Setelah membunuh Liu Sheng,pembunuh orang tuanya, Xu Hao justru menemukan teka-teki yang lebih besar: segel mematikan pada jiwa Liu Sheng. Segel serupa juga ia temukan pada musuh-musuh tingkat tingginya. Segala petunjuk mengarah ke Dataran Tengah, tempat asal Klan Xu yang perkasa. Dengan bakat aslinya yang dicuri, orang tuanya yang difitnah sebagai pengkhianat, dan pengusiran kejam dari klan, Xu Hao kini menyamar memasuki dunia yang jauh lebih berbahaya. Di sana, sebagai murid baru di Sekte Gunung Jati dengan identitas palsu, ia harus menyelidiki konspirasi gelap di balik pembunuhan keluarganya, menghindari deteksi kerabatnya sendiri yang mungkin adalah dalangnya, dan membangun kekuatan dari nol di tanah di mana Dao Awakening-nya saja hampir tak berarti. Siapa sebenarnya "Tuan dari Atas" yang memasang segel itu? Dan bisakah Xu Hao membalas dendam tanpa mengungkapkan identitas aslinya yang akan membuatnya jadi buruan?

Karya ini diterbitkan atas izin NovelToon YUKARO, isi konten hanyalah pandangan pribadi pembuatnya, tidak mewakili NovelToon sendiri

Pertemuan di Atas Awan yang Mengambang

Pulau besar yang Xu Hao tuju ternyata adalah sebuah pusat komersial terapung yang dikenal sebagai "Pasar Terapung Naga Tidur". Bangunan-bangunan kayu dan batu bertingkat, dihiasi lentera warna-warni yang sudah menyala meski senja belum sepenuhnya gelap, menempel di sisi-sisi pulau seperti sarang burung walet. Suasana riuh dan penuh kehidupan, sangat kontras dengan kesunyian Sekte Gunung Jati. Ada kedai minum, rumah gadai, toko senjata, bahkan beberapa arena tarung kecil yang terlihat dari udara.

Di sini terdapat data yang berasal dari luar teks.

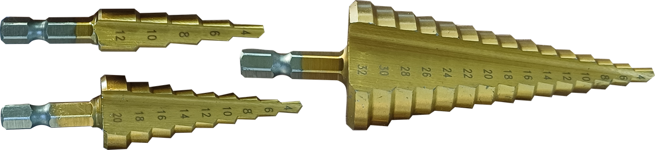 Ступенчатое сверло (сверло "ёлочка") – инструмент со ступенчатым переходом между меньшим и большим диаметрами. Благодаря плавному переходу можно постепенно увеличивать диаметр отверстия, сверлить в ма еще→териалах толщиной до 4-5 мм. Ступенчатые сверла используются для удаления заусенцев, сверления круглых отверстий, отверстий различного диаметра одним сверлом, рассверливания уже имеющихся отверстий.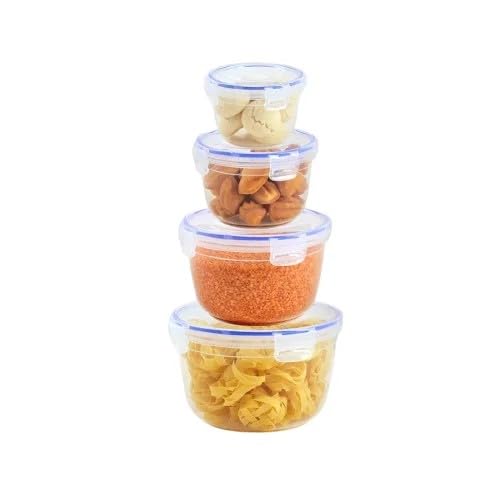 dunya - مجموعة تخزين طعام بلاستيكية من دنيا من 4 قطع: خالية من البيسفينول أ، 625-3400 مل مع سدادات سيليكون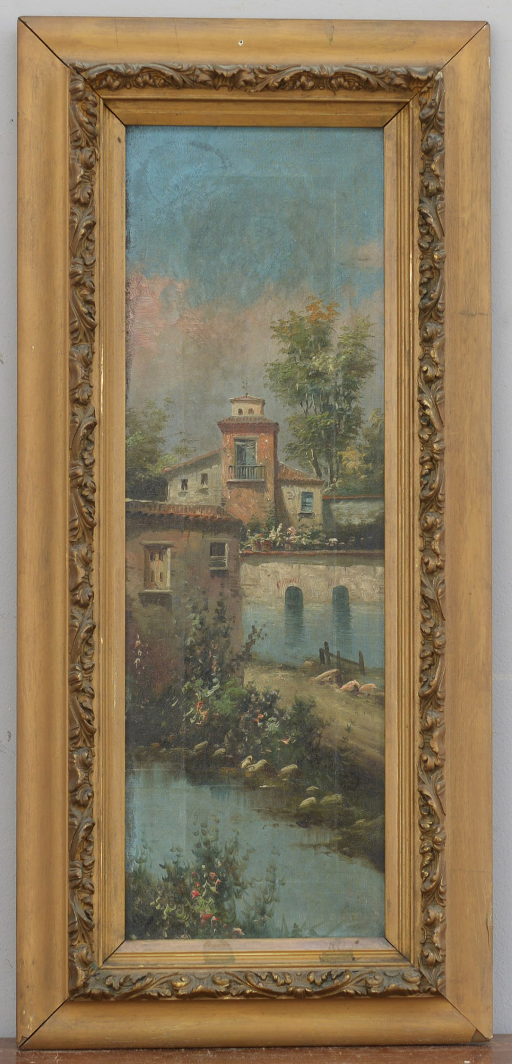 Firma indecifrata, "Scorcio di paesaggio lacustre con edifici", olio su tela (cm 59,5x20) siglato in basso a sinistra, in cornice (lievi difetti)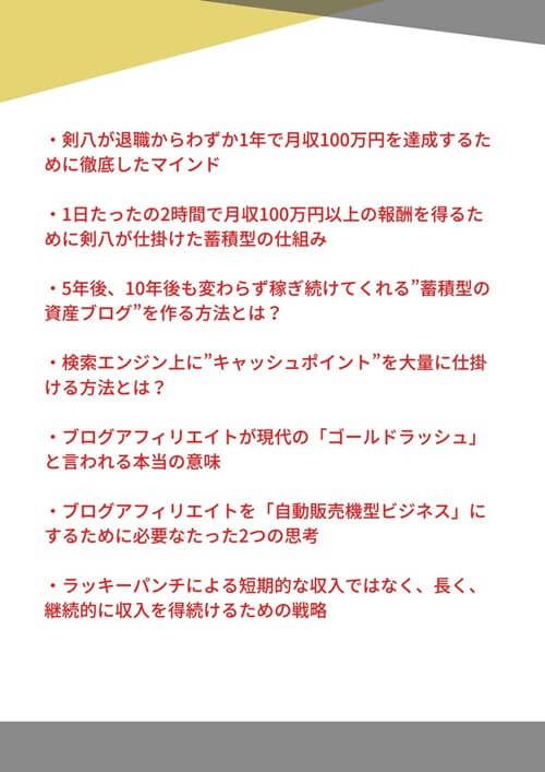上記は私がブログで月収100万円を稼ぎ出した時のノウハウや戦略のすべてが詰め込まれています。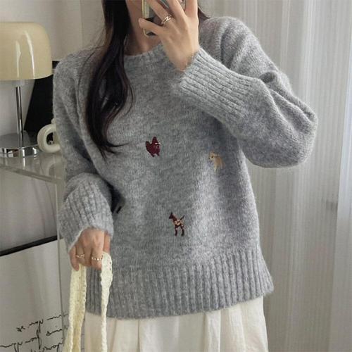 [다잇템]여성 스웨터 강아지 라운드 라글란 귀여운 울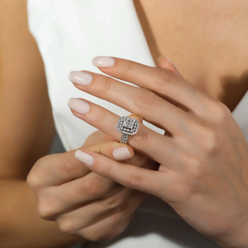 Baget taşların etrafında yer alan yuvarlak pırlantalar, tasarıma hareket katar. Katmanlı şekilde ilerleyen bu dizilim, yüzüğün her açıdan ışık almasını sağlar. Işıltı tek noktadan değil, yüzüğün tamamına yayılır.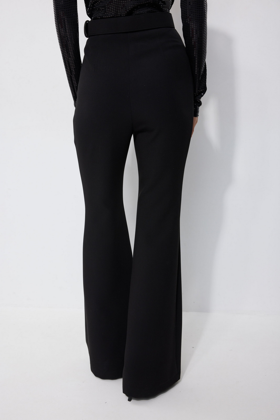 Описание: Брюки прилегающего силуэта расширенные книзу из костюмной ткани. По верху притачной пояс с застежкой на петлю и пуговицу и шлевками для ремня. На передних половинках обработана застежка молния в среднем шве. В комплект входит съемный ремень. Обращаем ваше внимание, что фурнитура может отличаться от фото.

Xu Hao, yang kini menyembunyikan kekuatannya di level Soul Transformation tahap menengah, mendarat di sebuah pelataran pendaratan yang ramai. Beberapa mata meliriknya, menilai, lalu kembali pada urusan masing-masing. Soul Transformation menengah di sini bukan hal langka, dan juga bukan yang terkuat.

Dia berjalan menyusuri jalan utama yang sempit dan berkelok, penuh dengan pedagang kaki lima yang menjual segala macam barang aneh: akar-akaran berdenyut, sisik makhluk aneh berkilau, senjata-senjata eksotis, hingga jasa informasi. Aromanya campur aduk: daging panggang, minyak mesin sederhana, wewangian arak, dan keringat.

Xu Hao mencari informasi. Tujuan pertamanya adalah tempat untuk mengasah kemampuan bertarung secara langsung, untuk mengukur dirinya di lingkungan baru ini dan beradaptasi dengan gaya pertarungan Dataran Tengah. Petunjuk dari Tetua Hong dan bacaannya terlalu umum.

Setelah beberapa saat mengamati, matanya tertuju pada seorang wanita yang berdiri di depan sebuah kedai minum bertingkat dua. Wanita itu... mencolok. Dia mengenakan pakaian yang minim, hampir seperti pakaian dalam, dari kain sutra merah tua yang memeluk erat tubuhnya yang montok dan berisi sempurna. Celananya pendek, memperlihatkan paha yang halus dan berotot. Rambutnya pirang terurai, dan matanya berwarna biru kehijauan seperti lautan dangkal. Senyumnya menggoda, tapi ada ketajaman di baliknya. Aura-nya kuat, Soul Transformation tahap akhir. Dia sedang memandangi Xu Hao dengan tatapan penuh minat, seolah sudah menunggu.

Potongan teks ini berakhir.